Recently I woke up earlier than usual on Saturday morning. About eight o’clock! The Lord was speaking some things to my heart so strongly that I had to sit up in my bed and listen intently. Such a rewarding experience!
The Father was revealing things to my heart, and I was so excited that I had to share these things with a loved one of mine. My first mistake was picking up my cell phone to call them. There was no answer. The first thought that came to me was that they were probably in another part of their home where they couldn’t get to the phone. They would see that I called and call me back.
So, I just continued praying. But I couldn’t focus on my prayer time with the Father. I was too distracted by why I could not reach this person at this time of the morning. They are usually awake by this time.
I called back a few minutes later. Still no answer! I left a couple messages, sent a text, called their cell phone and got no response. Now mind you, it was around eight in the morning, and I’m usually up around ten.
More thoughts began to flood my mind.
The Lord impressed upon my heart to read the word and go back to sleep, and the person I was trying to reach would get back with me.
But because I thought I was smarter than God and my emotions had already began to stir, I tried calling them again. Nothing! Then I thought maybe they went grocery shopping. No, that wasn’t good enough for me. At this point, I needed to see them and hear their voice.
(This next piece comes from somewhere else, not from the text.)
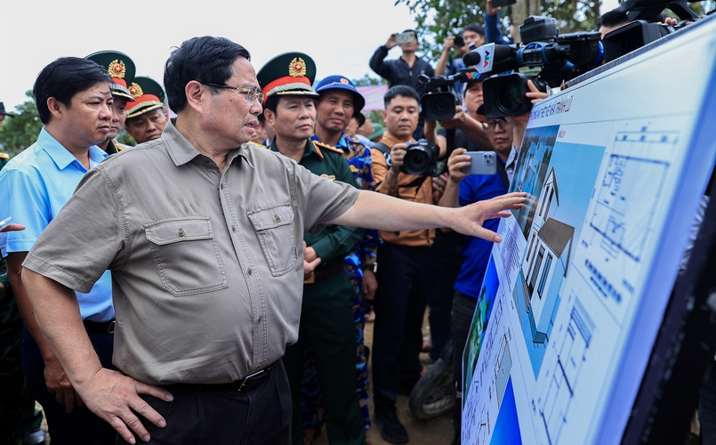 Thủ tướng Phạm Minh Chính nghe báo cáo về thiết kế nhà chống lũ - Ảnh: VGP/Nhật Bắc
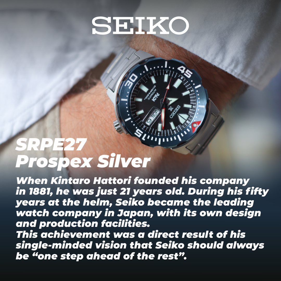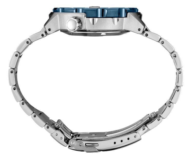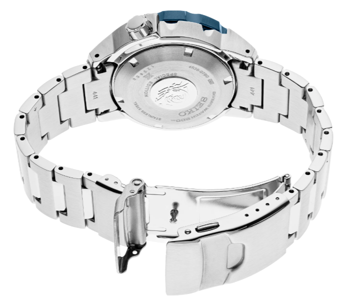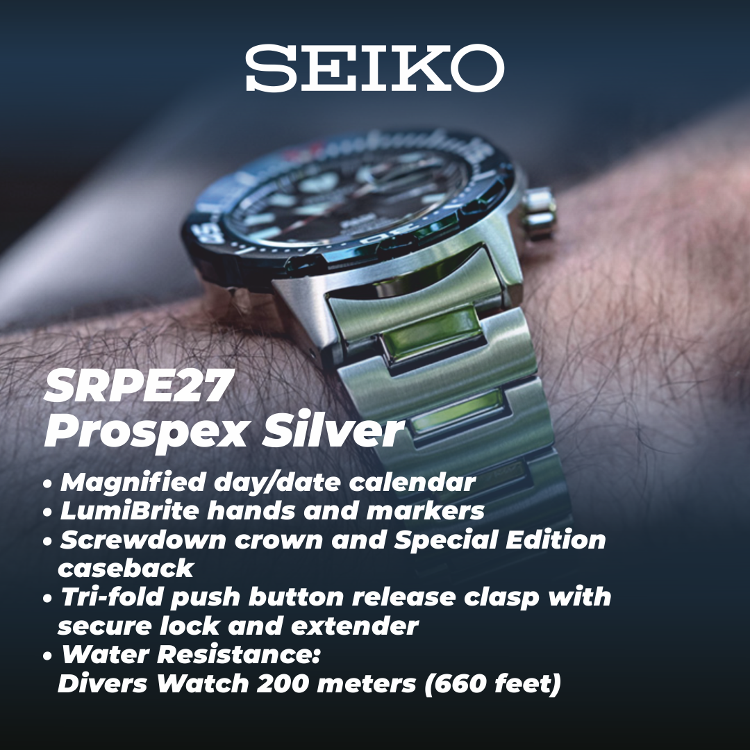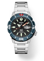 Prospex PADI Special Edition Automatic Diver. Designed for those who treat life as the ultimate adventure, the Seiko Prospex line meets every challenge with technological excellence and winning design. This Special Edition celebrates Seiko’s official partnership with PADI, the world’s leading scuba diver training operation, with the organization’s red and blue colors on its one-way rotating elapsed timing bezel and the PADI logo on the dial. Recalling Seiko’s most iconic diving styles, this distinctive watch features a unique case shape with grooved edges resembling teeth. In contrast to its powerful lines, the slightly smaller case recalls the landmark designs of the 1960s and ’70s. For reliable timing in rough waters, the 24-jewel automatic movement beats at a frequency of 21,600 vibrations per hour, with a power reserve of approximately 41 hours, and can be wound manually or automatically. The black dial includes a magnified day/date calendar and LumiBrite hands and markers. In stainless steel, with secure screwdown crown and caseback, and tri-fold push button release clasp with secure lock and extender, this high-intensity timepiece follows ISO standards for scuba diving. 200m Water Resistant

I got up and got dressed to go over and see about them. As I was getting dressed, these crazy thoughts of something tragic happening to them started coming to me. I literally felt my emotions starting to turn.
So, what did I do?
I made a decision! I began to take authority over these thoughts and feelings. I continued praying in the Spirit and began to worship God. I wanted to cry from fear of what might have happened to my loved one, but I refused to give into these thoughts.
As I was getting closer to their home, which is about 30 minutes away from me, my phone rang and it was them.
Guess what time it was when they called me? A little after ten. My get up time! They had just gotten home from grocery shopping. Go figure! They told me they had left out around eight. My sleep time! They could not answer their cell phone because they were busy shopping and didn’t even hear their phone ring.
If we do not deal with them right away, crazy thoughts like this (that are not in harmony with the word of God) can lead to out-of-whack emotions. And this can lead to unnecessary actions. If I had just obeyed the Holy Spirit’s leading by continuing my prayer time, reading the Word, and going back to sleep, I never would have gotten out of my place of rest.
No guilt or condemnation, but I was reminded of some valuable lessons that day.
I was reminded that I am one with Jesus and not my thoughts. We can control our emotions by taking authority over our thoughts. And we have to remember the importance of guarding our hearts by protecting our eyes and ears.
I learned that I do not have to deny my emotions, but I also don’t have to give in to them. I am learning to give them over to the Lord, and He helps me process through them.
The Lord will always lead and guide us into all truth. He knows best how to comfort us and lead us beside still, peaceful waters.